I just read the 2nd edition of Tim Jackson’s now-classic Prosperity Without Growth, which has been out for a few months, and it’s a book I’d recommend to anyone but especially economics students. Although most students do now learn about environmental constraints and trade-offs, we do socialize them quickly into thinking about economic growth as the objective of policy. It is all too clear that the failure to take account of externalities and the depletion of natural capital assets means we’ve paid a high price for past growth. Measuring these better to ensure they’re incorporated in the choices society makes is part of my own research.

Havings said this, and commending the book, I have one central problem with its argument, as with some others making similar arguments. And that turns on the understanding of what (GDP) growth consists in. Even those who acknowledge the importance of services in the economy – as Tim Jackson does – then consistently talk about growth as consumer demand for material products, for stuff: “How is it that with so much stuff already we still hunger for more? Would it not be better to halt the relentless pursuit of growth in the advanced economies and concentrate instead on sharing out the available resources more equitably?” So stuff and growth are conflated.
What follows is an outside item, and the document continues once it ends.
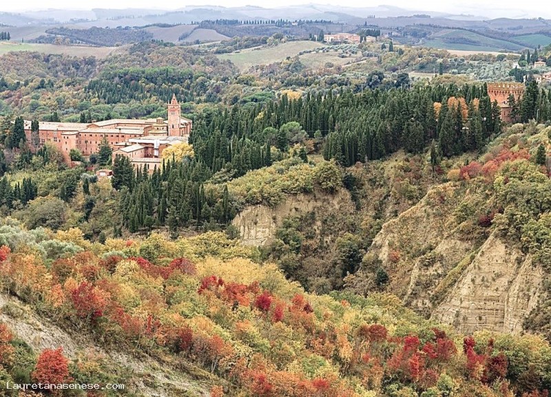 Percorso agevole che partendo da Asciano verso Chiusure attraverso la strada provinciale per San Giovanni d'Asso, raggiunge le alture del Pecorile da cui si gode una splendida vista sulle Crete, che nelle belle giornate asciutte permette la vista di Siena all'orizzonte. Più avanti si gira a destra al bivio per Chiusure e dopo non molto si raggiunge la località suddetta, dalla quale si può volgere lo sguardo sul deserto di Accona e la sua splendida gemma: l'Abbazia di Monte Oliveto Maggiore. Riprendendo il cammino in discesa verso l'Abbazia, si giunge al bivio di Poggio alle Monache. Prendendo a destra ci si incammina nuovamente verso Asciano con un percorso caratterizzato da continue salite e discese. Toccando località caratteristiche come Il Palazzaccio, Palazzo Venturi o Montecontieri che dir si voglia e poi Palazzo Monaci, originariamente Grancia dei monaci di san Galgano, si arriva nuovamente ad Asciano.Prima, però, ci si può soffermare a guardare il panorama del paese dall'alto.

As I’ve been pointing out for 20 years, growth in the advanced economies is increasingly non-material – accepting that we import stuff embodied in goods, which must be accounted for. The archetype of modern growth is a new idea – that an aspirin can avert cardio-vascular problems as well as cure headaches; that apps on one device can replace multiple material objects.

This is why indicators like the Genuine Progress Indicator, that flatline from the 1970s on while GDP rises, are so unpersuasive. I disagree with Tim when he writes: “[T]he continued pursuit of economic growth doesn’t appear to advance and may impede human happiness.” So although I agree completely that the usefulness of GDP as a welfare measure is declining, I don’t think we know how to weigh against each other the environmental minuses and innovation pluses. This is why I’m obsessed with how we conceptualise and measure society’s economic welfare, including measuring assets to give us a handle on sustainability; but many of the innovations do advance human well-being. I remember the 1970s, and though the music was better, many aspects of life were far less satisfying. Patti Smith and Siouxsie & the Banshees aren’t enough to make me want to turn the clock back.

This is an important, possibly existential debate, so I hope the book is being widely read. I also appreciate its (only slightly lukewarm) defence of economics: contrary to the impression some environmetalists seem to give, many economists care passionately about our environment and sustainability, & we think our intellectual tools can make a useful contribution.